美しいボディを目指す女性やダイエットを考えている女性にとっての重要なボディパートの1つにヒップがあります。お尻はたるみやすい部位であり、他の体の部位は細いのにお尻だけたるんでしまうという方もいると思います。そこで今回は、女性のためのヒップアップに効果的な簡単にできる筋トレメニューについて紹介していきます。
お尻の筋肉の構成・役割
まずヒップアップについて考えるにあたり、お尻の筋肉の構成について考えていきます。
あ尻の筋肉のメインは大臀筋という筋肉がありますが、その他にも中臀筋と小臀筋という筋肉に分かれます。どの筋肉もそれぞれ微妙に役割は異なりますが、どの筋肉にも共通のこととして、歩行を支えたり、股関節の動きに関与しています。
どうしてたるんでしまうのか?
お尻は男女問わずたるみやすい部位ですが、その原因は何なのでしょうか?
お尻に限らず、どの体の部位も加齢によってたるんでいきますが、その他にも運動不足や血行不良、不摂生が原因でたるんでいきます。

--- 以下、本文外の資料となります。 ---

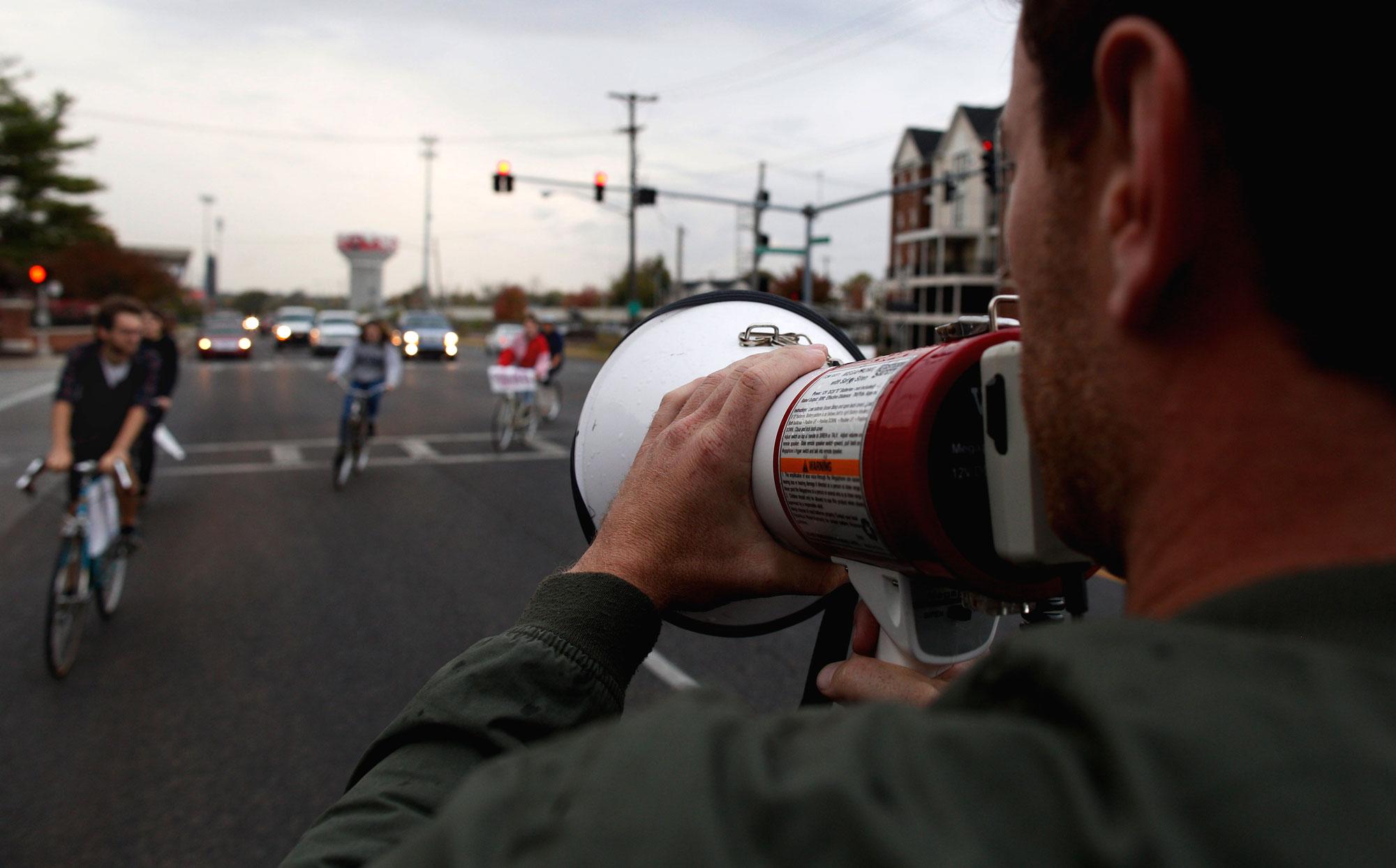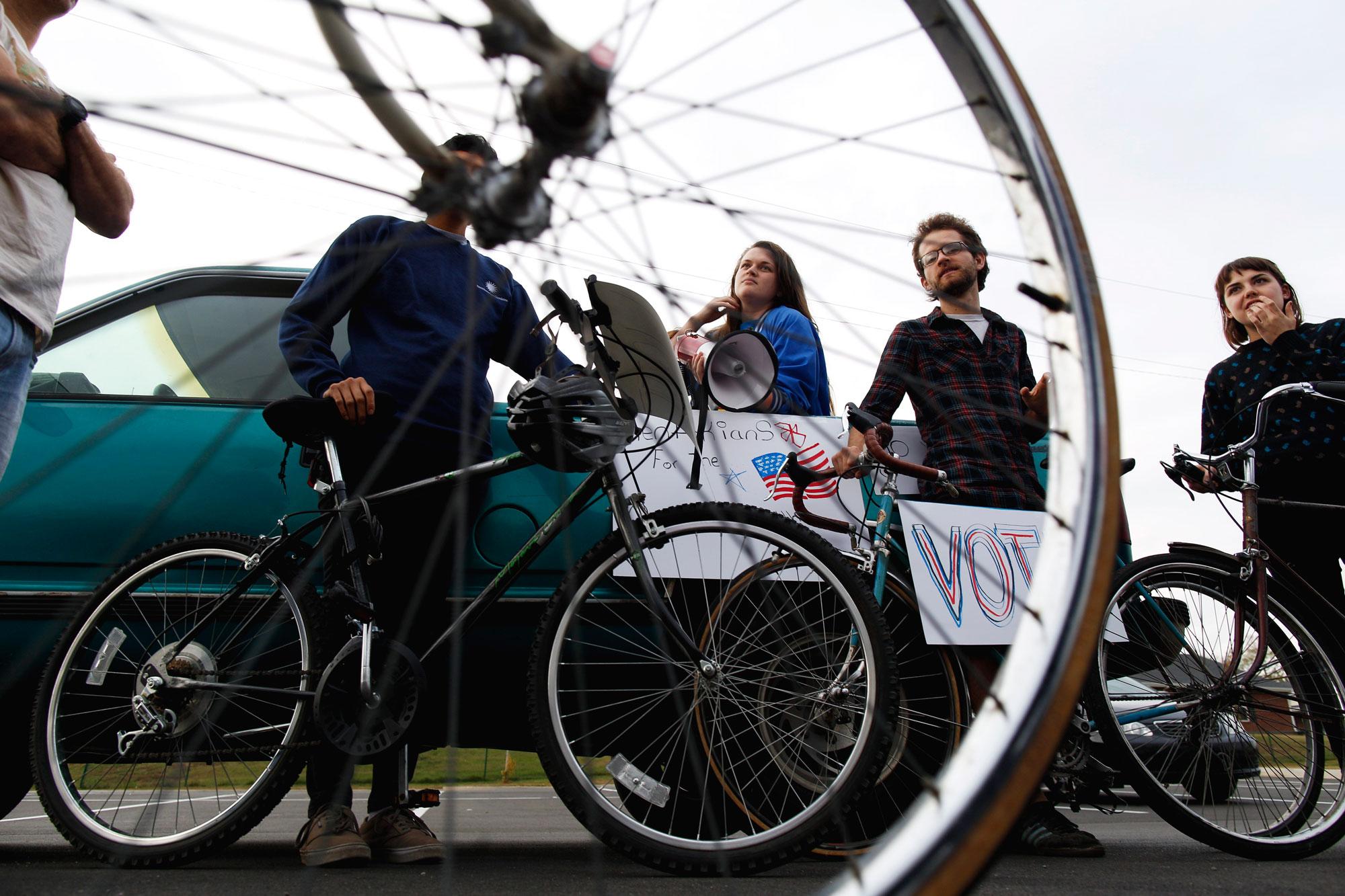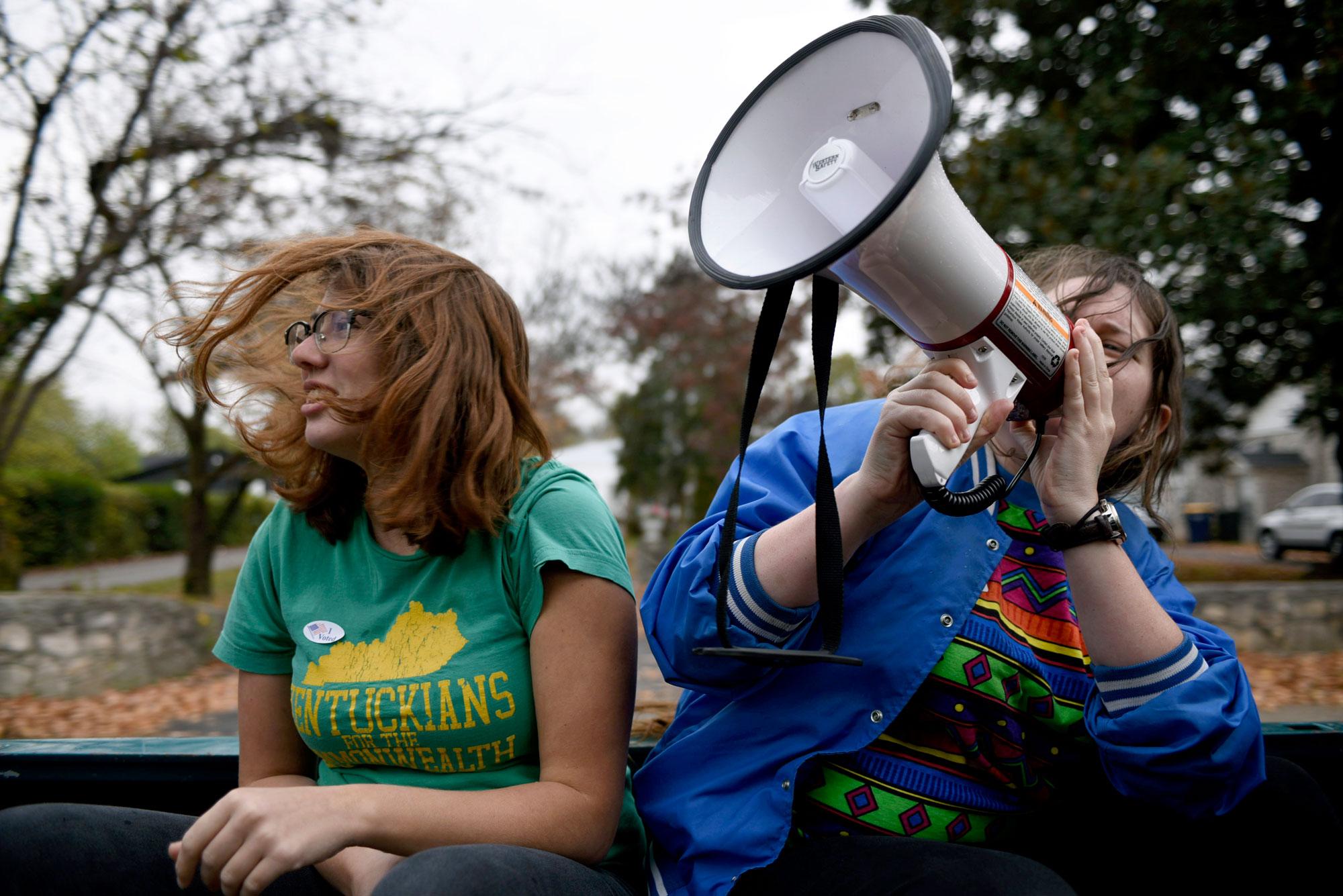 A volunteer at the Big Red precinct polling location prepares “I Voted” stickers. Election volunteers handed the stickers to voters as they left the polls on Tuesday, Nov. 8. Photo by Kathryn Ziesig.After waiting in line for 30 minutes at the Big Red precinct, Henderson senior Jenna Sauer finds out she is unable to vote on Tuesday, Nov. 8 due to a recently renewed license. “I’m like the most politically passionate person, so it’s really aggravating,” Sauer said. “I’m extremely mad. There was a girl before me that got turned away because of that, too.” Photo by Kathryn Ziesig.Bowling Green children design posters for the annual Election Day Bike Parade hosted by Kentuckians for the Commonwealth. Volunteers covered their bikes in posters and rode through the streets, encouraging people to get out and vote. Photo by Nic Huey.Molly Caviar, 24, and Angela Conway, 23, two WKU graduates encourage people to vote while riding around during the annual Election Day Bike Parade. The parade weaved its way through Bowling Green Tuesday afternoon. Photo by Nic Huey.Bowling Green residents participate in a bike parade to encourage other community members to encourage voter turnout. The event was organized by Kentuckians for Commonwealth. Photo by Shaban Athuman.Calvin Wiley, 31, of Barren County helps lead a bike parade from the back of a pickup truck. Wiley made announcements by imitating the voices of various political figures. Photo by Shaban Athuman.Barren County resident Calvin Wiley, 31, and Frankfort resident Angela Conway, 23, lead a bike parade to motivate and encourage Bowling Green residents to voice their opinion through voting. Wiley made announcements by imitating the voices of various political figures. Photo by Shaban Athuman.

その他にも体に合わない服を着たり、座りっぱなしの姿勢が続くとお尻はたるんでしまいます。
ヒップアップに効果的な筋トレメニュー(自宅編)
上記でお尻がたるむ原因として運動不足や血行不良を上げましたが、お尻の筋トレを行うことで、たるみを解消できます。またお尻の筋肉は大きい筋肉ですので、鍛えることで代謝をアップさせることが出来ます。まずは自宅でできる筋トレメニューについて紹介します。
・バックキック
まずは簡単にできる代表的な種目としてバックキックを上げます。
やり方は非常に簡単で、まず壁や柱によりかかります。
そして、背筋は伸ばした状態で、片方の足を後ろに動かします。
あまりに地味な種目なので本当にこれで効くのか?と思われがちですが、実際ンいやってみると効果を感じる事ができます。
・サイドレッグレイズ
これも簡単にできる種目です。やり方としては、まず体を横にした状態で寝ます。
この状態から、上にした方の側の足を上に上げるという動きを行います。
テレビを観ながらでもできる方法ですし、初心者にも向いているトレーニングです。
・グルートブリッジ
これも自宅で比較的簡単にできる種目です。
まず、仰向けになり、膝を曲げた状態にします。ここがスタートポジションになります。
そこから、お尻を上に上げていくという動作を取ります。
お尻の他にも腹筋や太ももの裏側(ハムストリング)を鍛えることもできます。
この種目は、後で紹介するヒップスラストと似た動きを持つので、本格的にお尻を鍛えたいと思う場合には覚えておきたい種目です。
・ヒップエクステンション
これは、四つん這いの状態になって行うトレーニング種目です。
四つん這いの状態の時、肘を地面につける恰好を取って行うようにしましょう。
スタートポジションが決まったら、脚を後ろに伸ばしていきます。ヒップに刺激が入っていることを意識しましょう。可能な限り高く足をあげるようにしながら、両方の足を均等に動かしていきましょう。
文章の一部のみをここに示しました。